There are a few things I noticed and I'll cover a few right now.

Firstly, they are talking about using microservices which would be ok (I've used a few microservices for specific applications that actualy make sense to service-ify) but I would by no means consider this a safer way of doing things. When you're talking about services run by our government, who isn't notorious for having their network-security done right, I'm very weary of them moving to a microservice architecture.

MTD is another thing that sounds concerning. This seems like the bottom of the barrel of security ideas and looks like it would be far more complicated then the other methods mentioned. If used this along would probably introduce more bugs.

"Education and Training" can basically be summed up as universities being stuck in the 70s and not teaching CS but teaching the Math that CS needs.

The "Liability" section is keeping me torn.


I think the idea of using micro services is that lessens the surface area of what you need to harden.
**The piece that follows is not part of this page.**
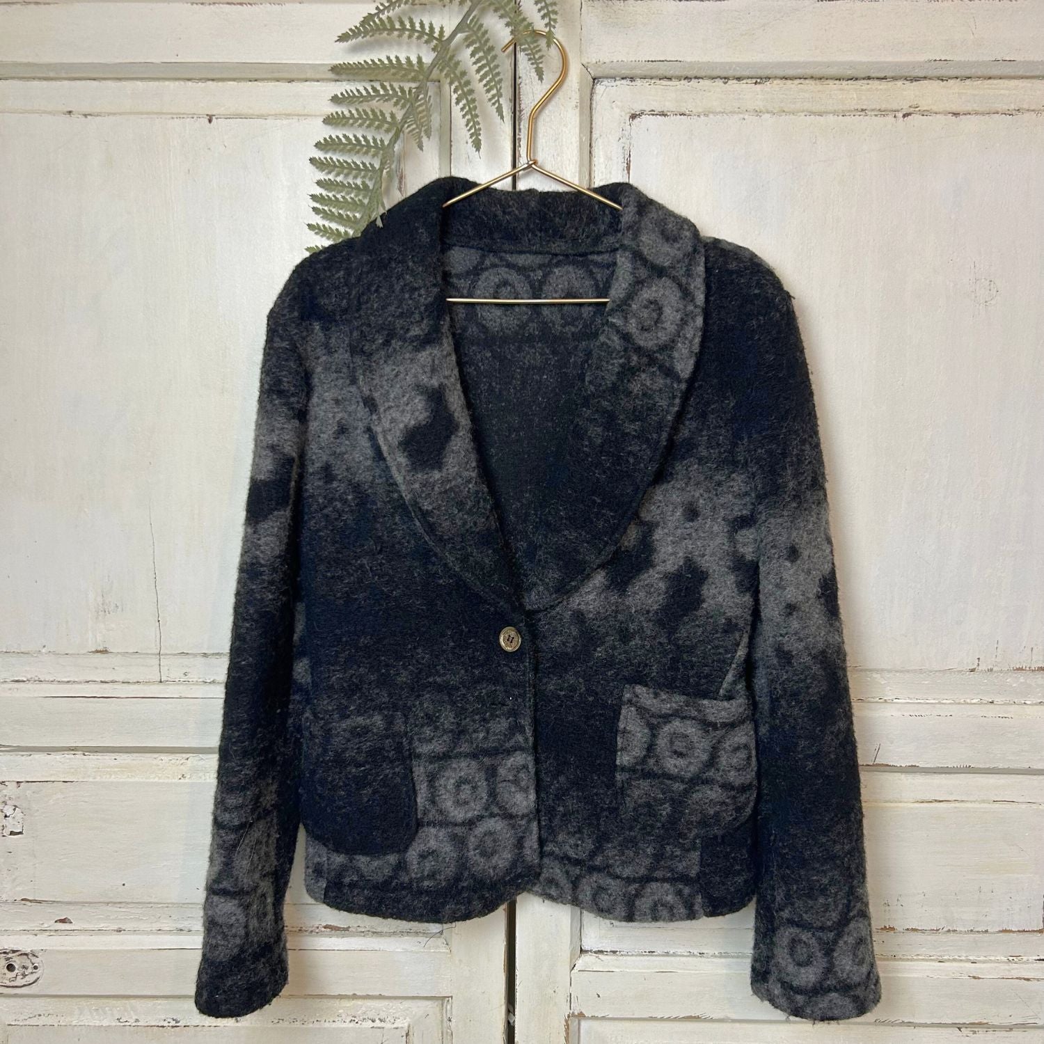 Heel mooi jasje in een soort vilt uitvoering, zit heel comfortabel en is afgewerkt met knoopjes aan de mouwen en twee zakjes op het voorpand.

In other words, it's easier to harden a simple service that just does one or a few things versus hardening a complex monolithic application.
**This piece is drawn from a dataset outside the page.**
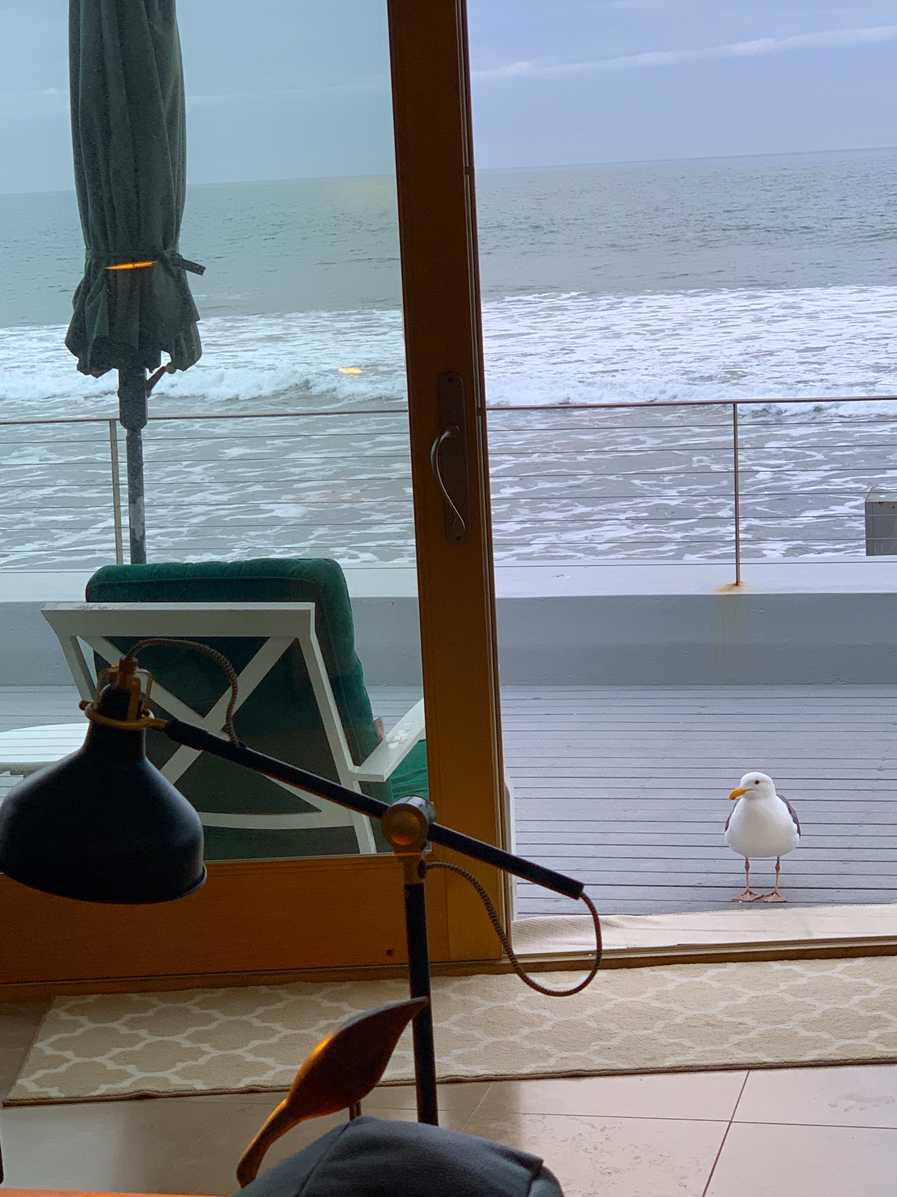 Mostly, we are silent as I sit under my umbrella and he on his rail. I suspect he’s seen a lot in his years, my bird and when the sun finally starts to set and all the other gulls fly away, he’s always the last to go to wherever it is he goes when he leaves me.

I'd liken it to OOP encapsulation or the idea behind linux executables.


Moving Target, aka obfuscation, is one of best things you can do against serious attackers on top of solid baseline. Just obfuscating CPU as a non-Intel CPU masquerading as one protected many deployments of mine and others for years on end. The idea is the extra effort they put in on a per-client or per-site basis either breaks their attack entirely or makes you more likely to notice it.


Two examples of MTD at work are:

(i) address space layout randomization: this is by no means impervious but it is worth doing (ii) there being several "official" Etherium clients such that if somebody hacked just one client they could not take over the whole network.